4 Paid Search “Best Practices” That Should Be Re-Evaluated

As you know, the Internet has come a long way in just a short amount of time, and with it has come changes to marketing practices. As search engines develop and advance, the best practices for paid search do as well. In this blog, our digital marketing agency re-evaluates a few best practices from when paid search was just getting started.

Don’t Use Broad Match

Using broad match for paid search was usually frowned upon because of the possibility of driving traffic to ad groups that overlap. It could also potentially yield searches that had a different audience than you were trying to reach. Broad match isn’t necessarily a bad thing, however. By using it, you can narrow down your best search queries and find out what exactly people are searching for, which makes advertising your business easier.

Use More Than Google

Years ago, when paid search first became an option for businesses, there were plenty of other search engine options to consider for your ads. Over time, however, Google has become number one in search and web surfers barely use anyone else. While it can’t hurt to be present on other websites like Yahoo or Bing, you’re likely better off putting your money into being found on Google.

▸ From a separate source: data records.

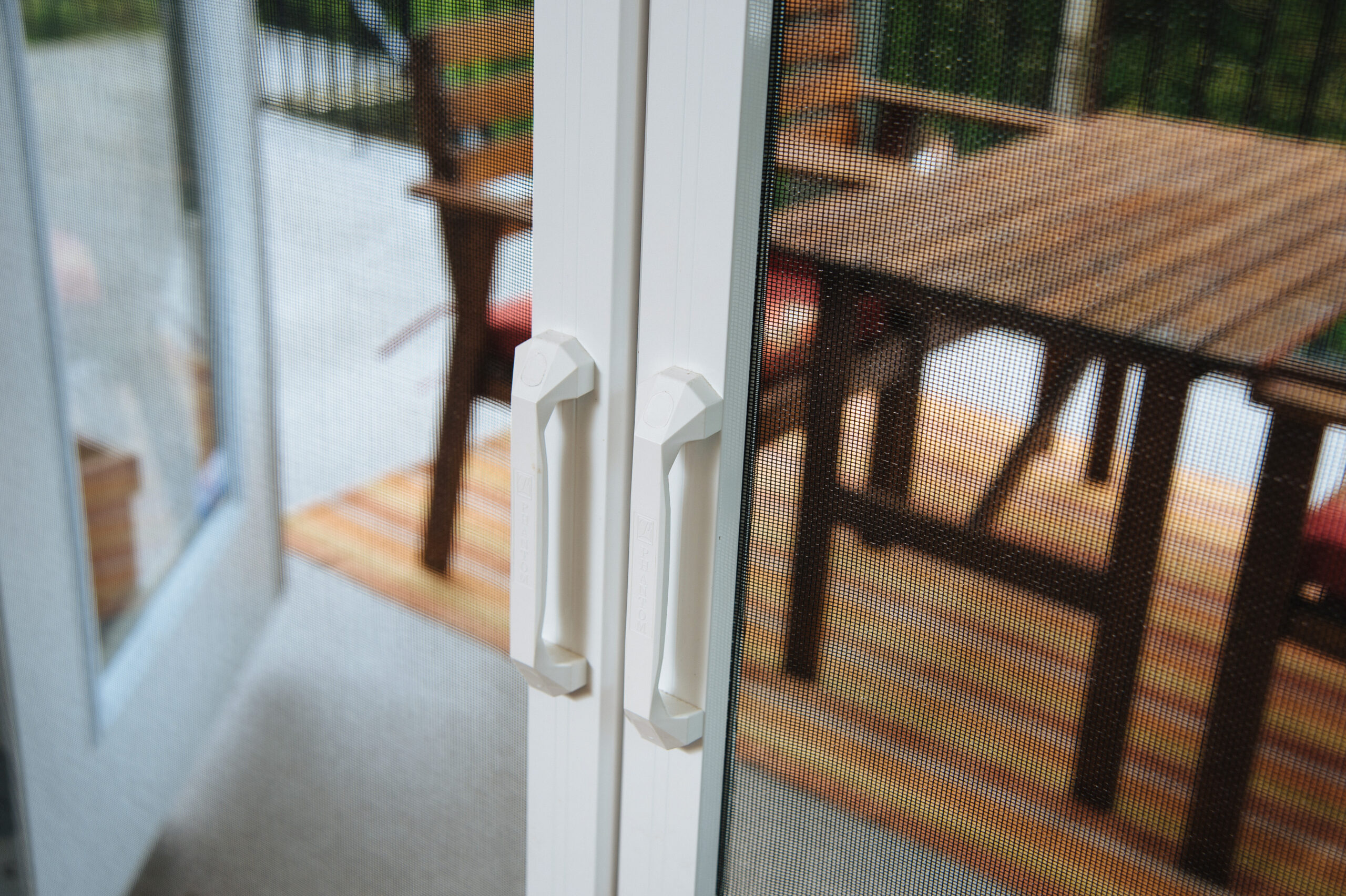 Phantom door screens disappear completely into a sleek housing when not in use, maintaining an unobstructed view.
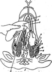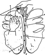 Рис. 18. Методика осмотра сердца на столе (момент вскрытия желудочков по большой кривизне)
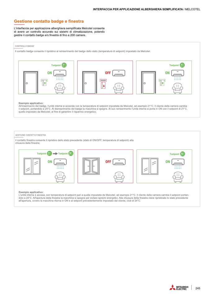 All'inserimento del badge, l'unità interna si accende con la temperatura di setpoint impostata da Melcotel, ad esempio 21°C. Il cliente della camera cambia
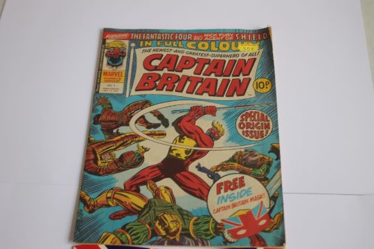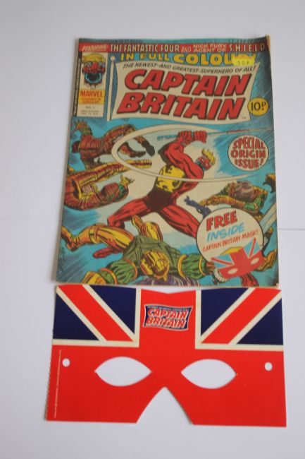 CAPTAIN BRITAIN #1 WITH FREE GIFT, week ending Oct 13, 1976 with free Captain Britain mask¦Condition Report:Price sticker on front, small tear top edge¦
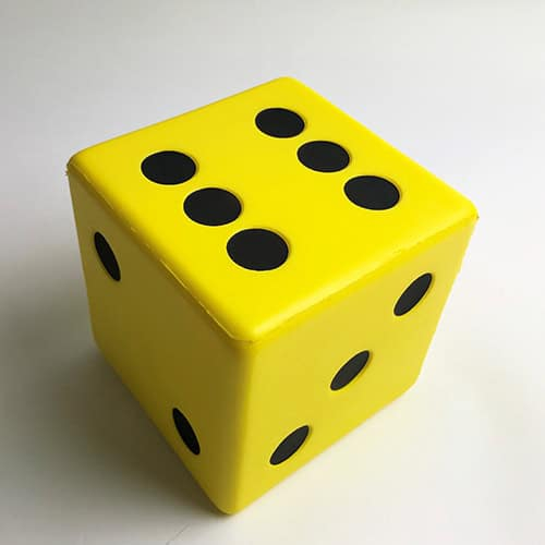 En stor, gul skumterning, med sorte, glatte øjne. Denne skumterning måler 14 centimeter på hvert led, og har en vægt på 235 gram. Den kan bruges af alle! Fra helt små børn som føler og smager, til voksne mennesker som er gået forkert, men ikke kan lade en sådan terning være, fordi den er så indbydende.
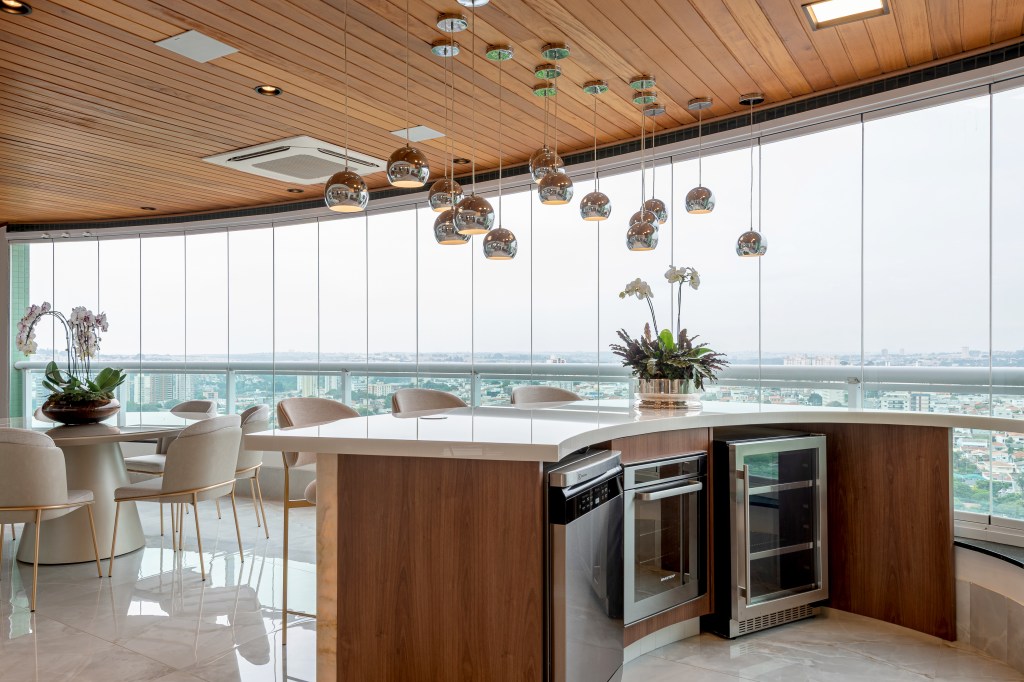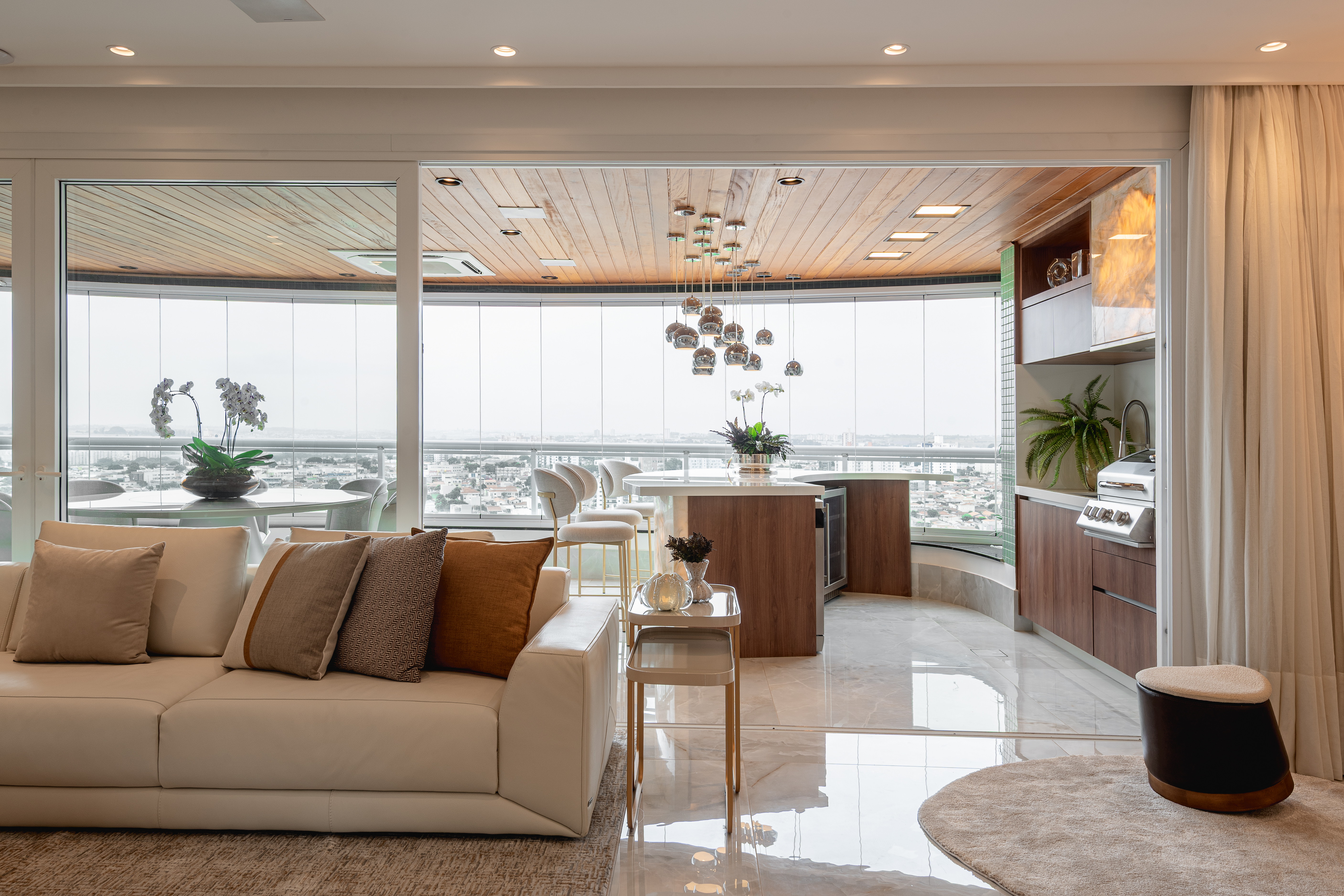 O Apartamento Wases, um duplex de 472m², com design de interiores assinada pela designer Iara Kílaris, tem decoração clean e contemporânea e duas áreas gourmet. No primeiro andar estão living e TV com sala de leitura integrada e uma varanda gourmet completa, com mesas, churrasqueira e bancada de refeições.

Have a Long List of Keywords

Back in the day, businesses did their best to cover a wide variety of keyword variations in order for their business to be found. This included plural versions, singular versions, misspellings, and more. These days, however, close variant keyword matching does the work for us and long lists of keyword phrases are unnecessary. In fact, by having unneeded keywords, you may in fact hurt the scores of any future keywords you implement.

Use the Same Ads for Mobile and Desktop

Today, mobile usage has skyrocketed and there are more people than ever searching for goods and services on their smartphones or tablets. While creating paid search ads used to only call for a few ad variations, they now call for user variations. Since mobile users tend to search more for local businesses and by proximity, you should have two separate ad practices for desktop and mobile.